Banked Memories for Soft SIMT Processors
Martin Langhammer, George A. Constantinides
TL;DR
The paper addresses memory bottlenecks in soft SIMT FPGA processors by contrasting nine memory architectures (multi-port and banked) across $51$ configurations using matrix transpose and FFT workloads. It proposes a scalable banked memory design with read/write issue controllers, shared-memory arbitration, and carry-based arbitration, and evaluates FPGA-fitting and area costs. Key findings show multi-port memories often outperform banked designs for small memories due to simplicity, while banked memories maintain a stable, high-bandwidth footprint as data size grows; the best choice thus depends on memory size and access patterns. The work provides practical guidance for designing FPGA-based soft GPGPU-like accelerators and is relevant to high-level synthesis (HLS) and other FPGA-driven accelerators seeking explicit memory-architecture tradeoffs.
Abstract
Recent advances in soft GPGPU architectures have shown that a small (<10K LUT), high performance (770 MHz) processor is possible in modern FPGAs. In this paper we architect and evaluate soft SIMT processor banked memories, which can support high bandwidth (up to 16 ports) while maintaining high speed (over 770 MHz). We compare 9 different memory architectures, including simpler multi-port memories, and run a total of 51 benchmarks (different combinations of algorithms, data sizes and processor memories) to develop a comprehensive set of data which will guide the reader in making an informed memory architecture decision for their application. Our benchmarks are comprised of matrix transpositions (memory intensive) and FFTs (split between memory accesses, floating point, and integer computations) to provide a balanced evaluation.
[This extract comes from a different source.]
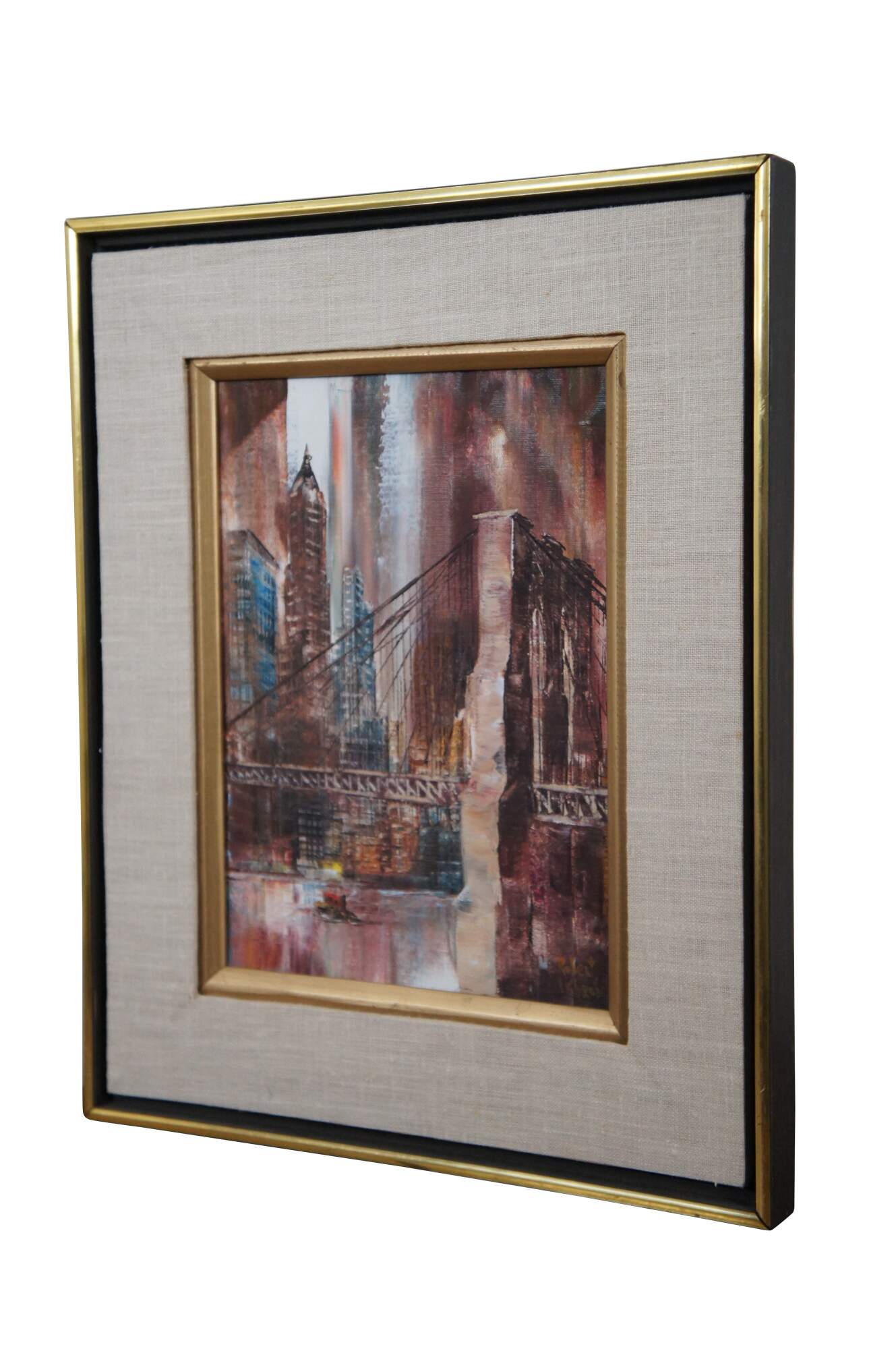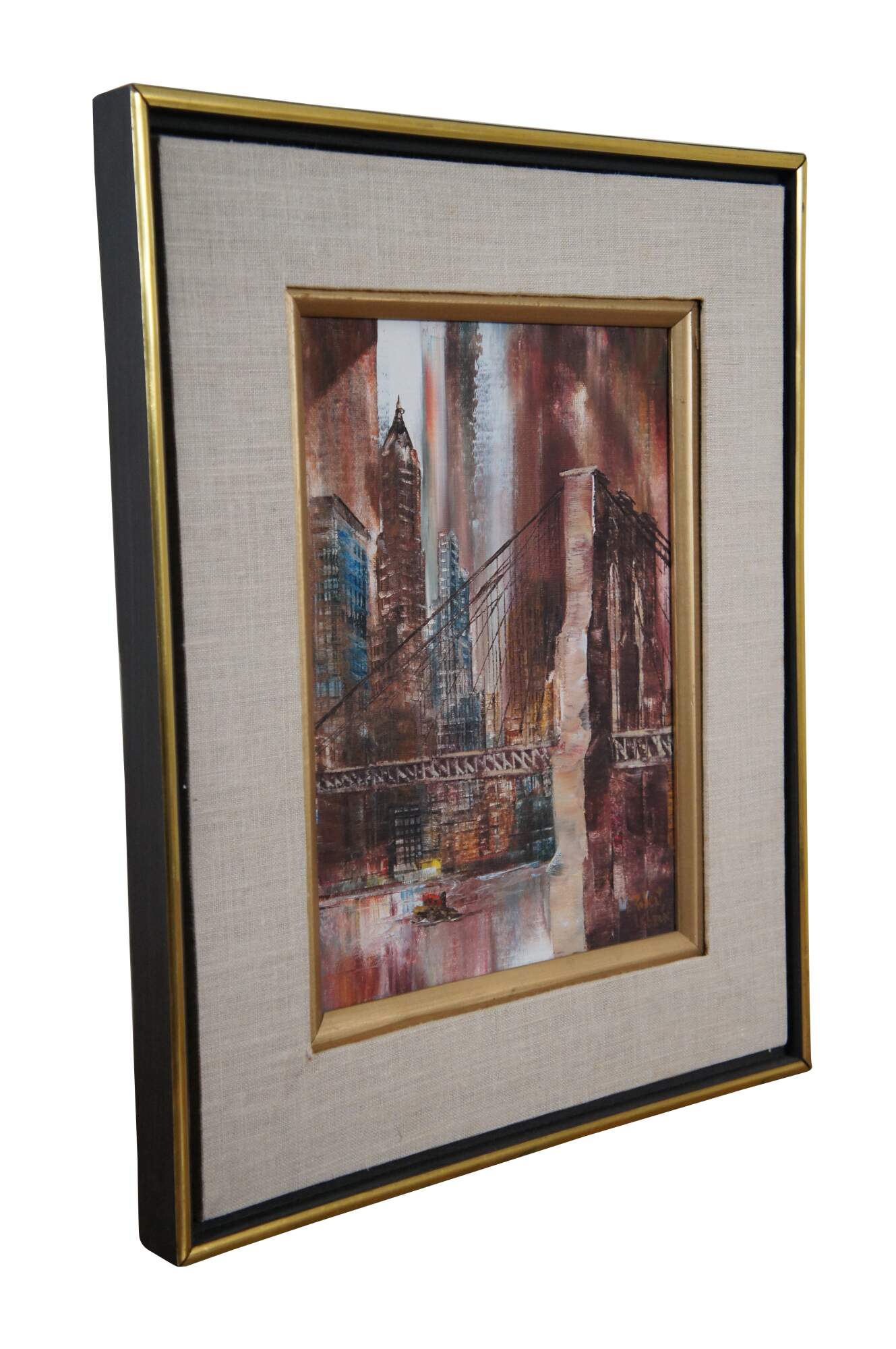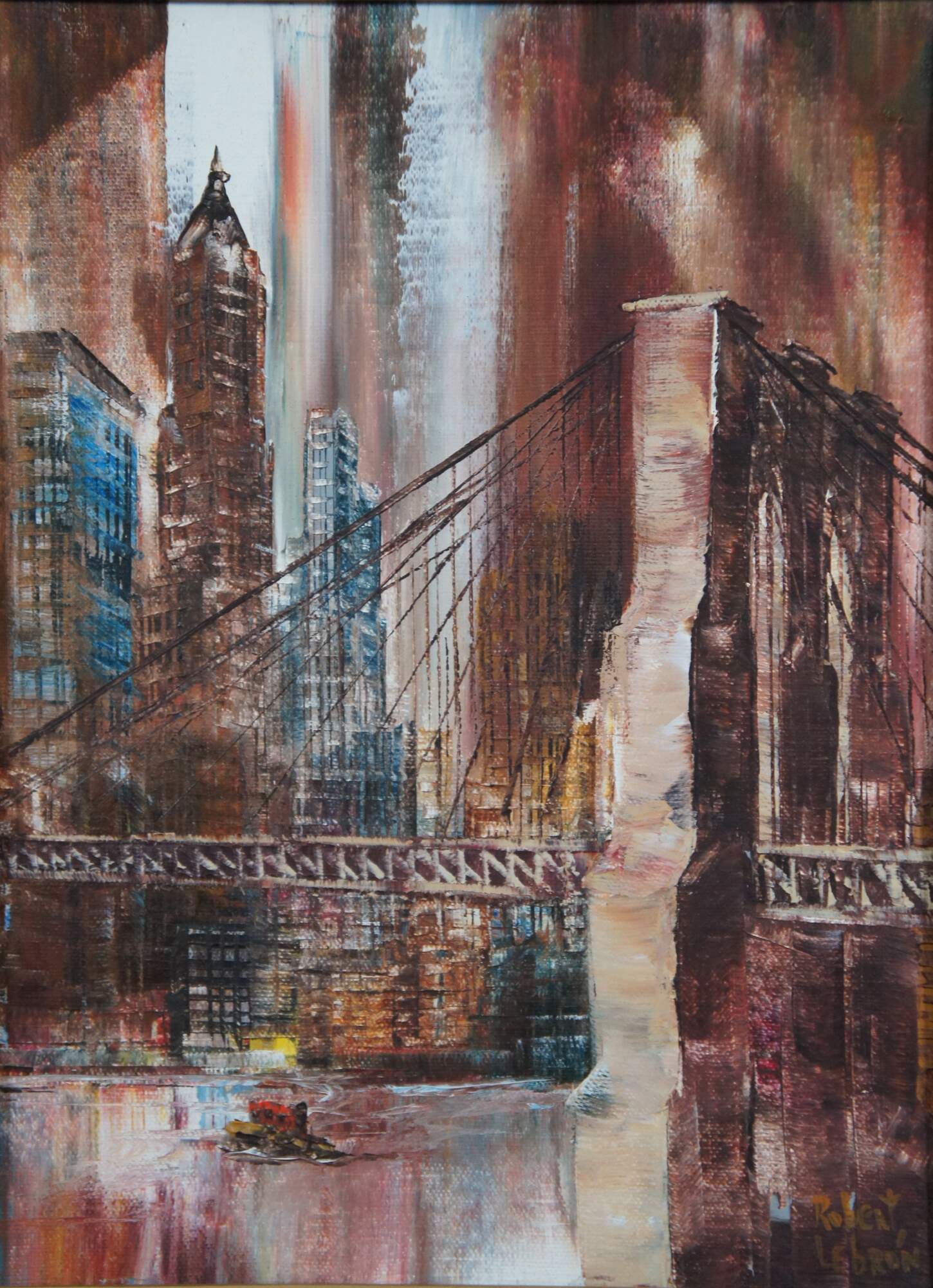 Vintage oil on canvas expressionist / semi-abstract cityscape painting of New York City and the Brooklyn Bridge by Robert Lebron. Signed in lower right. Framed in a gilded double frame with an off-white linen mat.

We show that the simpler (but more memory block intensive) multi-port memories offer higher performance than the more architecturally complex banked memories for many applications, especially for smaller memories, but the effective footprint cost of the multi-port memories quickly becomes prohibitive as dataset sizes increase. Our banked memory implementation results - high bandwidth, high Fmax, and high density - can be used for other FPGA applications as well, such as HLS (High Level Synthesis).